%%

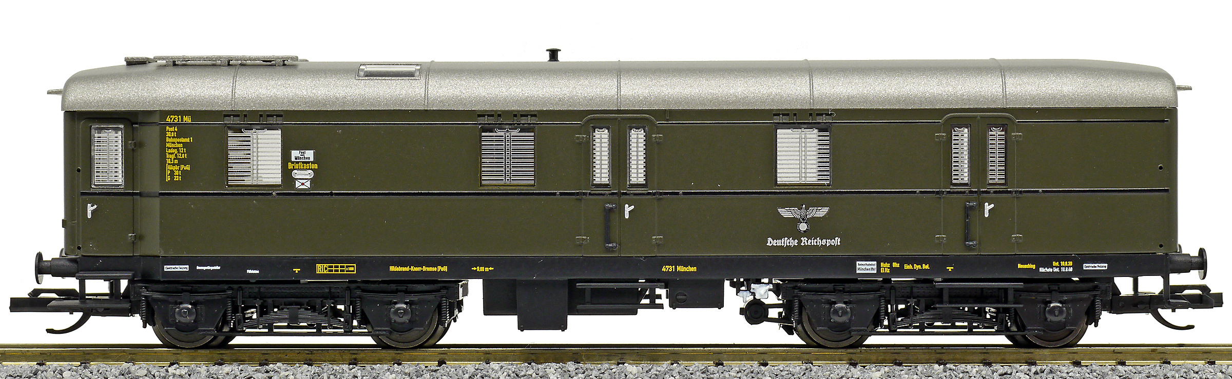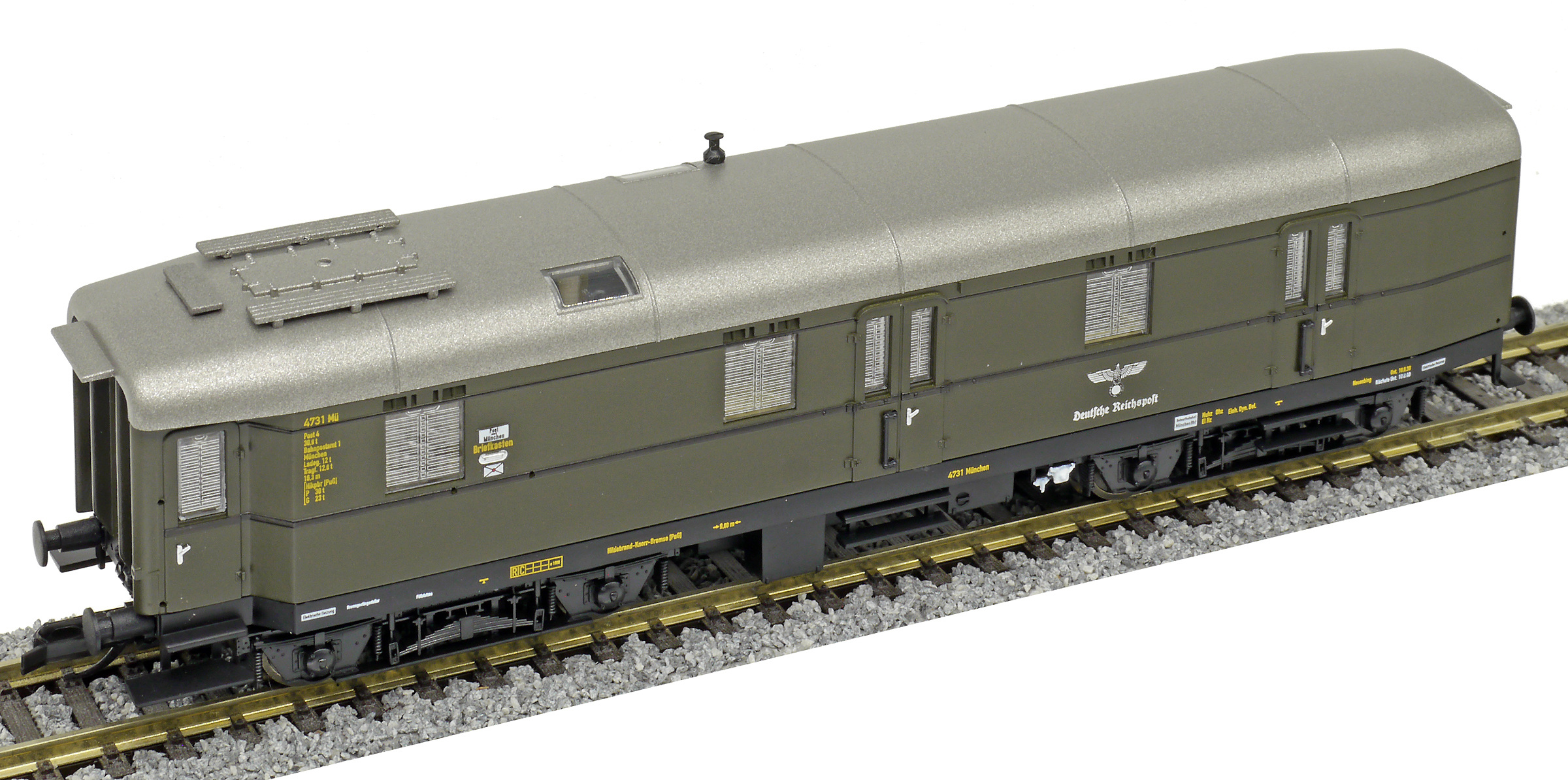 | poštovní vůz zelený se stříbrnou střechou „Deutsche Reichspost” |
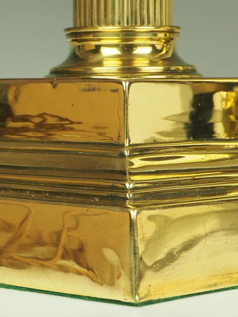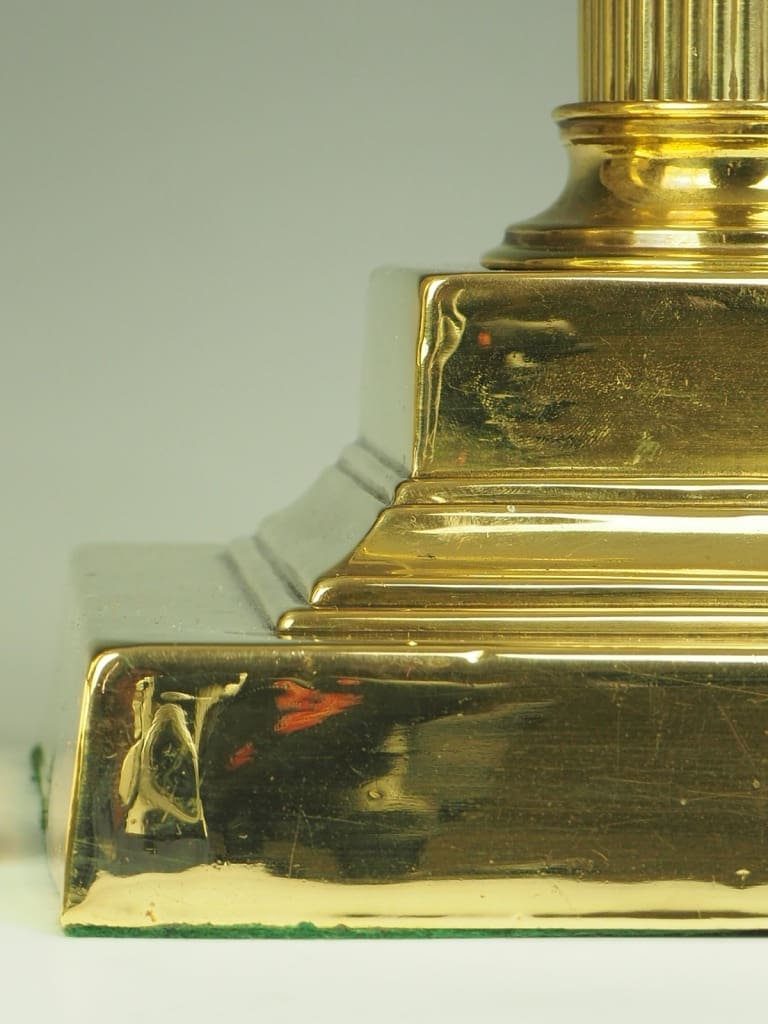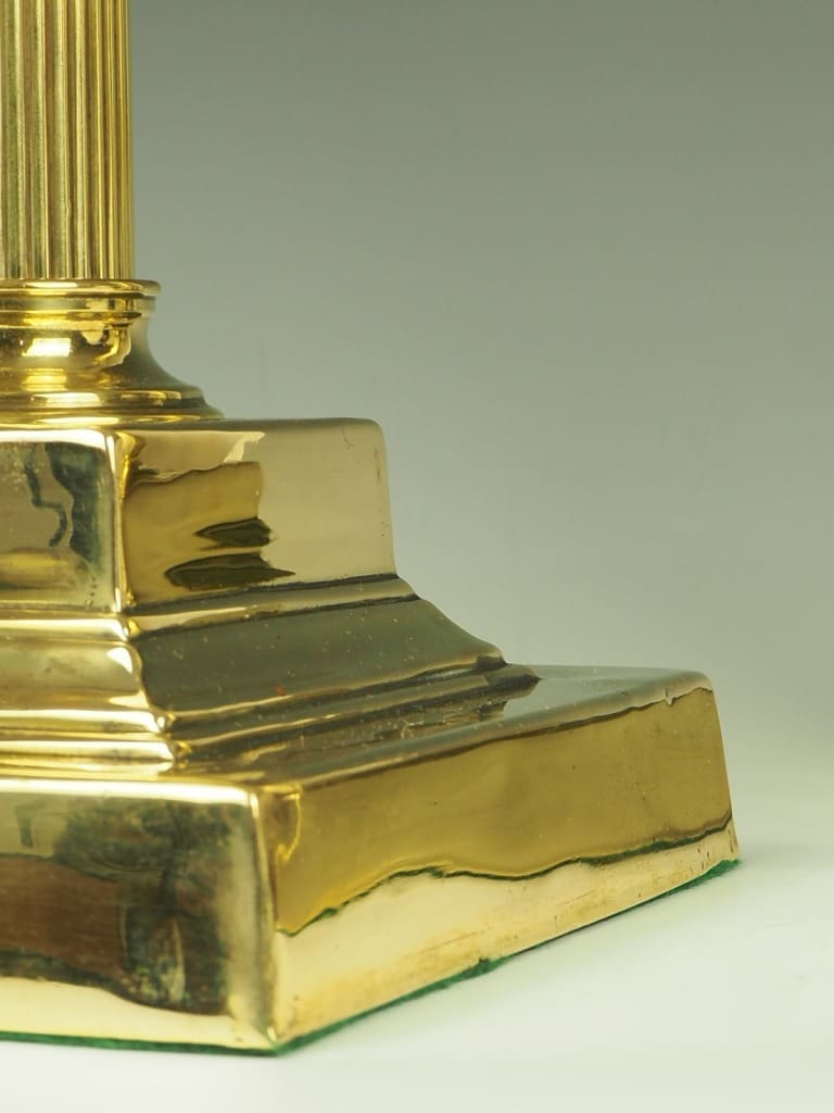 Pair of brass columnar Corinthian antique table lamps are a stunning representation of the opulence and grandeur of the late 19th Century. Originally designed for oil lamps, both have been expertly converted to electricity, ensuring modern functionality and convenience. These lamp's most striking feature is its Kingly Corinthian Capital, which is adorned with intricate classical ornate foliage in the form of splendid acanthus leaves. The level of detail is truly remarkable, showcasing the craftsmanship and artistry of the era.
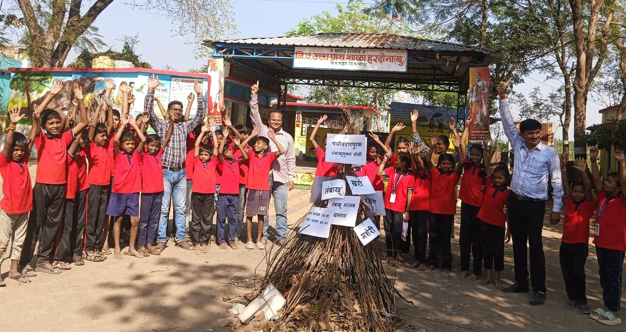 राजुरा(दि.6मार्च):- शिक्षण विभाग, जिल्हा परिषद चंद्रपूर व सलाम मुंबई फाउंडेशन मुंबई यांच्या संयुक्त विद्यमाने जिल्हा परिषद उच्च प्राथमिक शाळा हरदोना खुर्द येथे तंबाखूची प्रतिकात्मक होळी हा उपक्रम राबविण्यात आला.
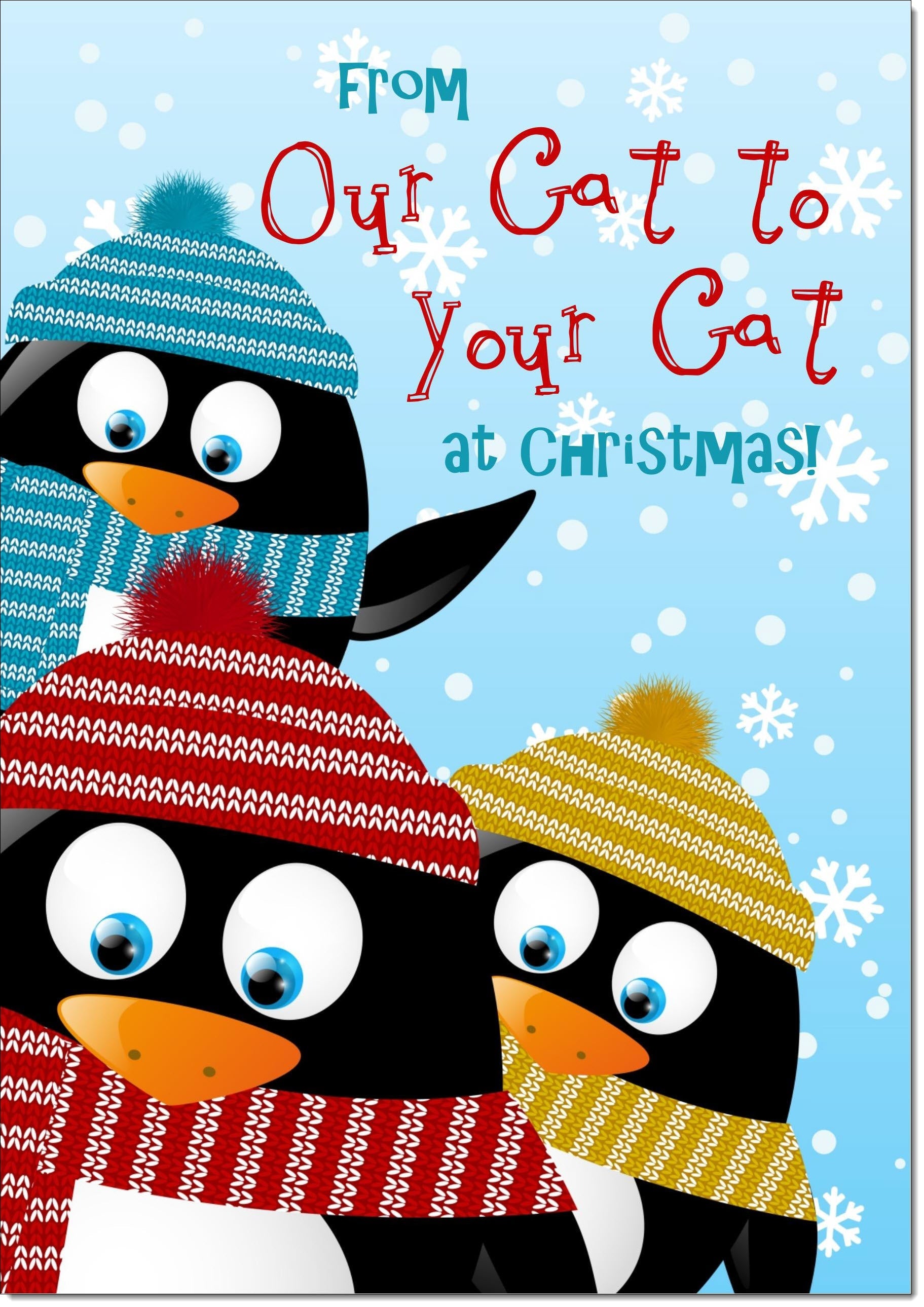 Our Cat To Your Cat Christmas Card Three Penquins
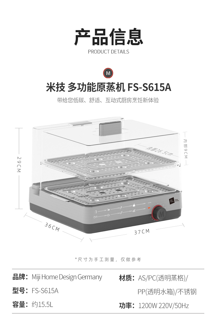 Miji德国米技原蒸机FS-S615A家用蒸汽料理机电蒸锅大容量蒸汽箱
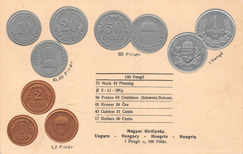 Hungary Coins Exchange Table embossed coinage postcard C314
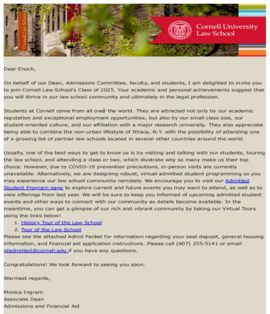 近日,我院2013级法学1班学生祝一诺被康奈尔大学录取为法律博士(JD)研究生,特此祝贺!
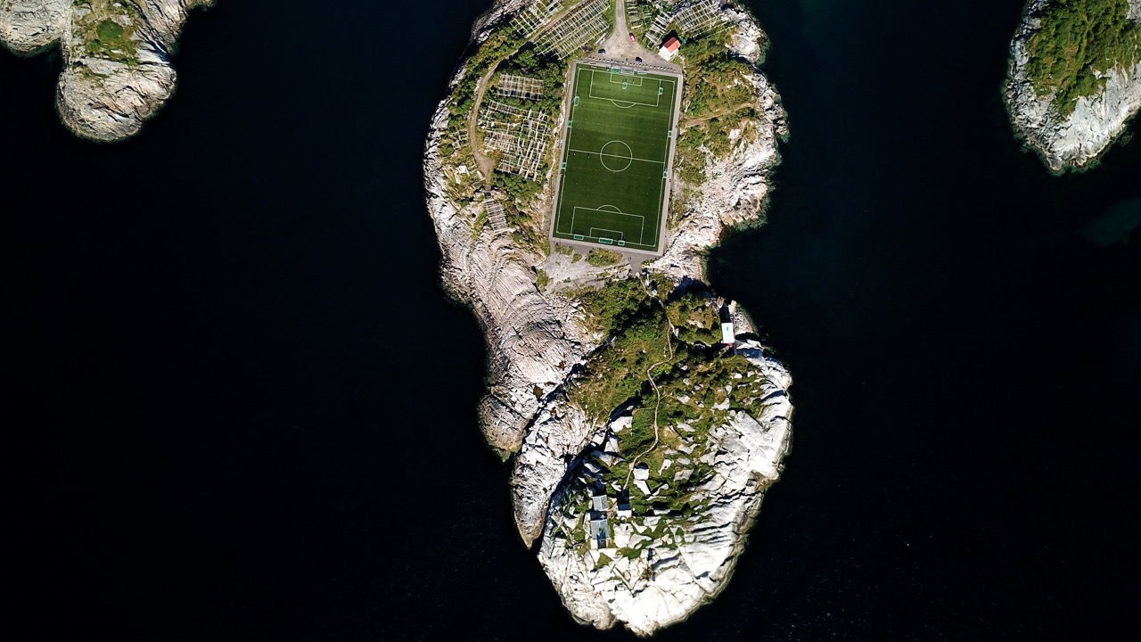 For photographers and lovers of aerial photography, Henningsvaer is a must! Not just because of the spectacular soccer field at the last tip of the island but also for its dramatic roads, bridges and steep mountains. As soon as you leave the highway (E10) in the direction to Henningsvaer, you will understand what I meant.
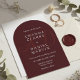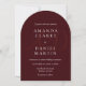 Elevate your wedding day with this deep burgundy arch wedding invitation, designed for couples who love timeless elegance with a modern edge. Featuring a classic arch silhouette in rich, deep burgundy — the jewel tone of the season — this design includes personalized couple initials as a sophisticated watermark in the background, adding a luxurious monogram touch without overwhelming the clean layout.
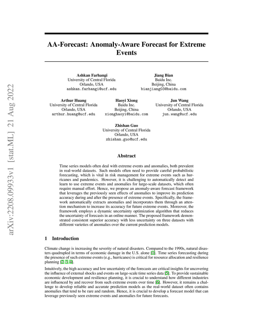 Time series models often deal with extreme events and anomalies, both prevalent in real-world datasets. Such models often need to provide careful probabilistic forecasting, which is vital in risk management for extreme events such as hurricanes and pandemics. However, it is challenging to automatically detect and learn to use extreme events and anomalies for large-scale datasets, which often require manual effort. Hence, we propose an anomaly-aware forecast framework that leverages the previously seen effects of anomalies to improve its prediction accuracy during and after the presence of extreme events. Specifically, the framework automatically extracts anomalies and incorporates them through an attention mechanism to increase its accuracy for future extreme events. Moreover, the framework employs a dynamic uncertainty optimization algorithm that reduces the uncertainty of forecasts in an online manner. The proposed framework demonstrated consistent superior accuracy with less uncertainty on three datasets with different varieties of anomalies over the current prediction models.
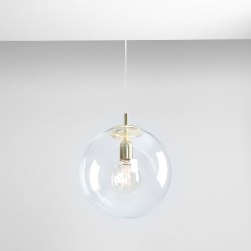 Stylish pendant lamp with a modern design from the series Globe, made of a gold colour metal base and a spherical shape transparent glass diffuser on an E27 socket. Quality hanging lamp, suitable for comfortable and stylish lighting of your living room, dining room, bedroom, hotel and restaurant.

%%

PROBLEM DETAILS
Copy out the listing above exactly, and keep the pictures out of it.

TASK RESPONSE
 | poštovní vůz zelený se stříbrnou střechou „Deutsche Reichspost” |
 Pair of brass columnar Corinthian antique table lamps are a stunning representation of the opulence and grandeur of the late 19th Century. Originally designed for oil lamps, both have been expertly converted to electricity, ensuring modern functionality and convenience. These lamp's most striking feature is its Kingly Corinthian Capital, which is adorned with intricate classical ornate foliage in the form of splendid acanthus leaves. The level of detail is truly remarkable, showcasing the craftsmanship and artistry of the era.
 राजुरा(दि.6मार्च):- शिक्षण विभाग, जिल्हा परिषद चंद्रपूर व सलाम मुंबई फाउंडेशन मुंबई यांच्या संयुक्त विद्यमाने जिल्हा परिषद उच्च प्राथमिक शाळा हरदोना खुर्द येथे तंबाखूची प्रतिकात्मक होळी हा उपक्रम राबविण्यात आला.
 Our Cat To Your Cat Christmas Card Three Penquins
 Miji德国米技原蒸机FS-S615A家用蒸汽料理机电蒸锅大容量蒸汽箱
 Hungary Coins Exchange Table embossed coinage postcard C314
 近日,我院2013级法学1班学生祝一诺被康奈尔大学录取为法律博士(JD)研究生,特此祝贺!
 For photographers and lovers of aerial photography, Henningsvaer is a must! Not just because of the spectacular soccer field at the last tip of the island but also for its dramatic roads, bridges and steep mountains. As soon as you leave the highway (E10) in the direction to Henningsvaer, you will understand what I meant.
 Elevate your wedding day with this deep burgundy arch wedding invitation, designed for couples who love timeless elegance with a modern edge. Featuring a classic arch silhouette in rich, deep burgundy — the jewel tone of the season — this design includes personalized couple initials as a sophisticated watermark in the background, adding a luxurious monogram touch without overwhelming the clean layout.
 Time series models often deal with extreme events and anomalies, both prevalent in real-world datasets. Such models often need to provide careful probabilistic forecasting, which is vital in risk management for extreme events such as hurricanes and pandemics. However, it is challenging to automatically detect and learn to use extreme events and anomalies for large-scale datasets, which often require manual effort. Hence, we propose an anomaly-aware forecast framework that leverages the previously seen effects of anomalies to improve its prediction accuracy during and after the presence of extreme events. Specifically, the framework automatically extracts anomalies and incorporates them through an attention mechanism to increase its accuracy for future extreme events. Moreover, the framework employs a dynamic uncertainty optimization algorithm that reduces the uncertainty of forecasts in an online manner. The proposed framework demonstrated consistent superior accuracy with less uncertainty on three datasets with different varieties of anomalies over the current prediction models.
 Stylish pendant lamp with a modern design from the series Globe, made of a gold colour metal base and a spherical shape transparent glass diffuser on an E27 socket. Quality hanging lamp, suitable for comfortable and stylish lighting of your living room, dining room, bedroom, hotel and restaurant.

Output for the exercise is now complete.